During the 1994 reform, the social democrats severed the connection between job training and the unemployment benefit system, so that participation in ALMPs would no longer give entitlement to unemployment benefits if the individual comes out of the training period still unemployed. This move finally reversed a long trend started under the social democrats themselves in 1979, when the party in government introduced a Job-Offer-Scheme. With the Job-Offer-Scheme, a job of at least seven months was guaranteed to all long-term unemployed. However, because of insufficient job demand in both the public and the private sector, people who were offered a temporary job were rushed out of it right after seven months in order to make way for the next eligible long-term unemployed. By the 1980s, this recycling trend had intensified, as the unemployed in general were entitled to unemployment benefit for three years, including six months of participation in a job training program, which in turn led to the entitlement for three new years of benefits. Now, the government’s reform in 1994 once and for all ended this practice of recycling the unemployed through the benefit system and ALMPs (Kvist 2000: 21; Kildal 2001: 7; Abrahamson and Oorschot 2002: 8).

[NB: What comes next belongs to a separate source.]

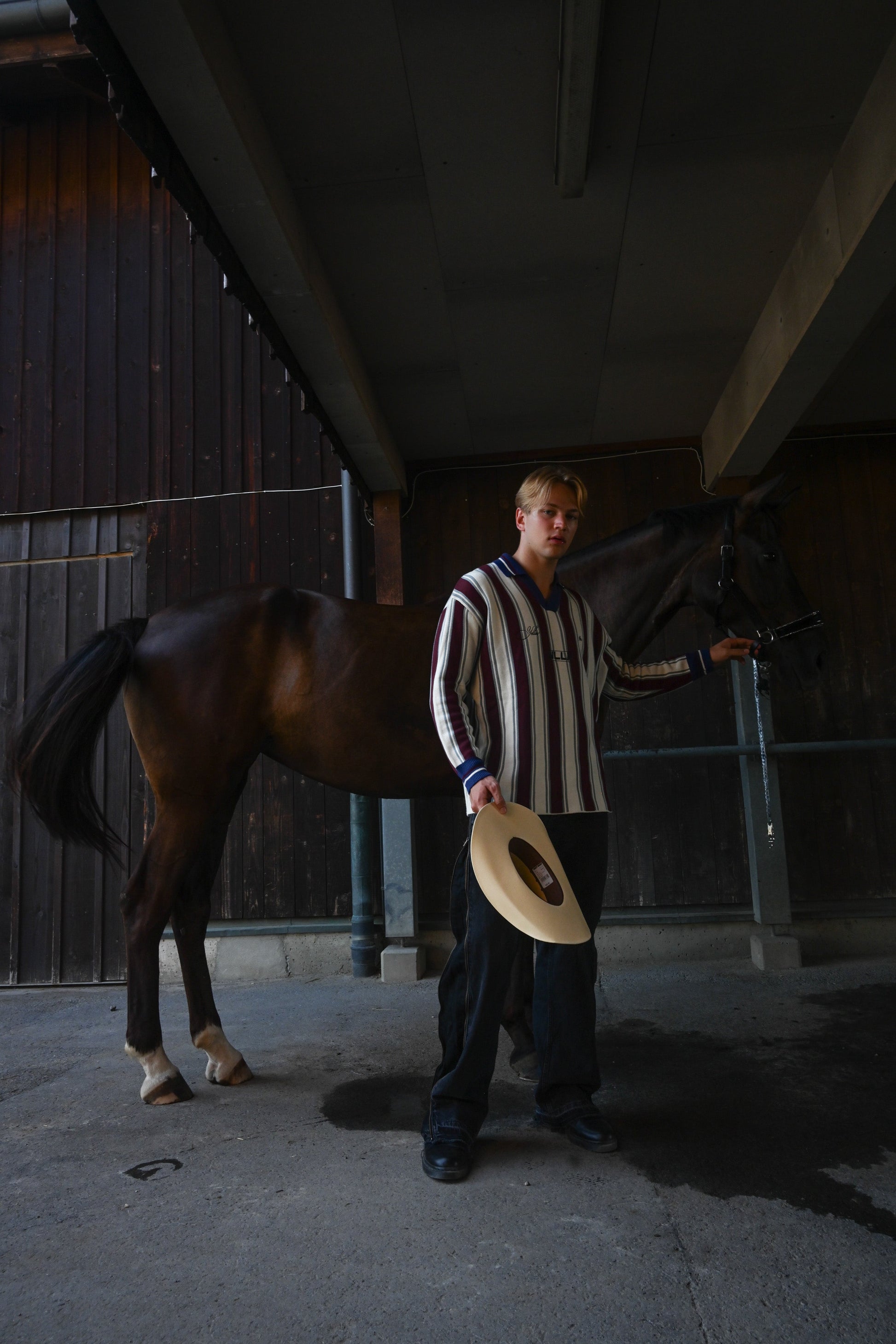 The Racer Knit is a thick sweater that marries warm burgundy and cool colors of ivory and grey in a vertical striped pattern with branded embroidery on the chest. The sweater fits oversized with a relaxed knit collar and V-neck.

Under the social democrats, the duration of unemployment benefit was split into one passive period followed by one active period. During the passive period the state offers individualized counseling to the unemployed to help them draw up an individual action plan about participation in ALMPs and reintegration into the labour market. During this phase the unemployed have a lot of discretion in choosing the preferred activation methods from the available options, and one crucial stated objective of these plans is to achieve an appropriate balance between the wishes of the individuals and the local market demands. During the active period which follows, the state is obliged to make ALMP offers based on the action plan drawn up during the passive period, and correspondingly the unemployed individuals are obliged to accept these offers. The ALMP offers from the state can encompass a very wide range of activities including specialized individual job training, pool jobs, job rotation, leave schemes, as well as training or education in the ordinary education system (Madsen 2003: 75; Bjorklund 2000: 155-156; Etherington 1998: 153-154; Dahl et al. 2002: 21; Dingeldey and Linke-Sonderegger 2004: 13). Just as the total duration of unemployment benefit was being reduced, the passive component of the benefit duration was also gradually crowded out by the active component. In 1995 the active period kicked in after four years of benefit, but by 1996 the lag was reduced to only two years and by 1999 to one, and the active period must involve activation for at least 75 per cent of the time. The reduction in the passive period was extremely steep for the young, already down to six months by 1996. For social assistance recipients, on the other hand, as of January 1994 they were required to be activated after only one year on social assistance. With these reforms, Denmark was well on

its way to implement by the end of 2000 the European Union employment guidelines calling for early activation for both young and adult unemployed persons.